On the left of the Sydney
Town Hall is St. Andrews Anglican Cathedral. St. Andrews is the
oldest cathedral in Australia, not the oldest church. That distinction belongs to St.
James Church which was built in 1822. The interior of the cathedral is magnificent and
several prominent early residents of Sydney are buried within its walls. I apologize for
the quality of the interior photo of the cathedral. We discovered that you can only change
the shutter speed on the Epson PhotoPC when it's hooked up to a computer. Otherwise the
default shutter speed is auto and it doesn't handle dark interior shorts very well. Short
of carrying my eight pound notebook computer around with me, there's no easy way to move
from exterior to interior shots. From here on in we'll be using our 35 mm camera for most
of the interior shots and I'll be posting those pictures when we get back home.
After what seemed like a 5 mile walk down George Street, with
frequent stops at Opal shops, we finally arrived at The Rocks. The Rocks is Sydney's
oldest settlement. Within weeks of the penal colony's settlement in 1788, huts and tents
were erected on the west shore of Sydney Cove at the foot of slopes on the rocky sandstone
peninsula. When more substantial houses were built there, they occupied the low ground at
the water's edge, but by 1797 huts began to appear behind them. There was no
town-planning; dwellings were placed wherever a site was available. By 1803 the name
"Rocks" was in common use and already the first complaints about proper access
were reported. The difficulties of access and the protection this afforded from the
authorities appealed to the town's low-life and the worst characters in the young colony
began to gather there. Before Sydney was twenty years old the Rocks had become its first
slum. For more than a century from the early 1800's, it was a place of iniquity where
poverty, filth, and vice went hand in hand and its lurid reputation rivaled the worst slum
ports anywhere in the world. The Rocks today is one of Sydney's most popular tourist
attractions with sensitively restored colonial buildings, charming restaurants, shops,
galleries, and historic pubs. It's also where we found our opal at the Rocks Opal Mine. We
picked up a seven carat Black Opal for a very reasonable price and we're having it made
into a ring for Andrea. I also picked up an opal watch for myself at another store along
the way. With the Great Opal Hunt out of the way we could finally concentrate on something
other than shopping. ;-)
Looming over The Rocks is the Sydney Harbour
Bridge.
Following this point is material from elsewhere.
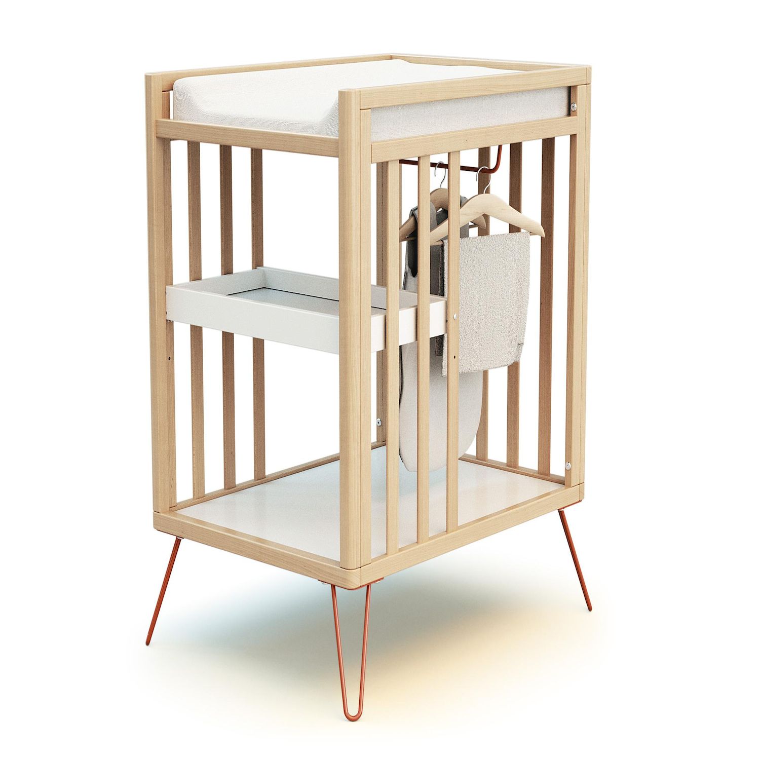 Conçue pour rendre la toilette de bébé facile, elle est équipée d'un bac, d'une étagère et d'une penderie. Elle est toute prêtre pour le rangement des affaires de bébé.

Work on the bridge, which is known affectionately as the "Old
Coathanger", was begun in 1923 and continued until 1932. At a total length of 3770
feet, the bridge is the second longest single-span bridge in the world. Only the Golden
Gate Bridge in San Francisco at 3772 feet is longer. While it may not be the longest
single-span bridge it is definitely the heaviest, weighing in at a massive 52,800 tons.
The bridge's steelwork has always been painted gray, a legacy from the Great Depression. A
one-coat repaint takes 7,000 gallons and the only suitable paint available in sufficient
qualities in 1932 was gray. The four imposing pylons are purely decorative, as the massive
framework is supported by four huge metal pins, each 14 feet long and 15 inches in
diameter, that are mounted in bearings anchored in concrete and resting on the lower
halves of the pylons. These pylons served as antiaircraft-gun positions during World War
II. Today you can climb up to the Pylon Lookout and have a beautiful view of Sydney
Harbor. Of course to do this you have to climb up approximately 200 steps and after
walking all morning I couldn't convince Andrea that it would be a good idea.
From the bridge it was only a short walk to the Sydney Opera
House, the most recognizable landmark in Sydney. The Opera House was opened in 1973 after
14 years of construction and at a staggering 95 million dollars over budget. While it was
being built it had many nicknames: the New South Whale; the Hunchback of Bennelong Point;
the Operasaurus, a pack of French nuns playing football. Then it was finished and was
proclaimed the "building of the century" by the London Times.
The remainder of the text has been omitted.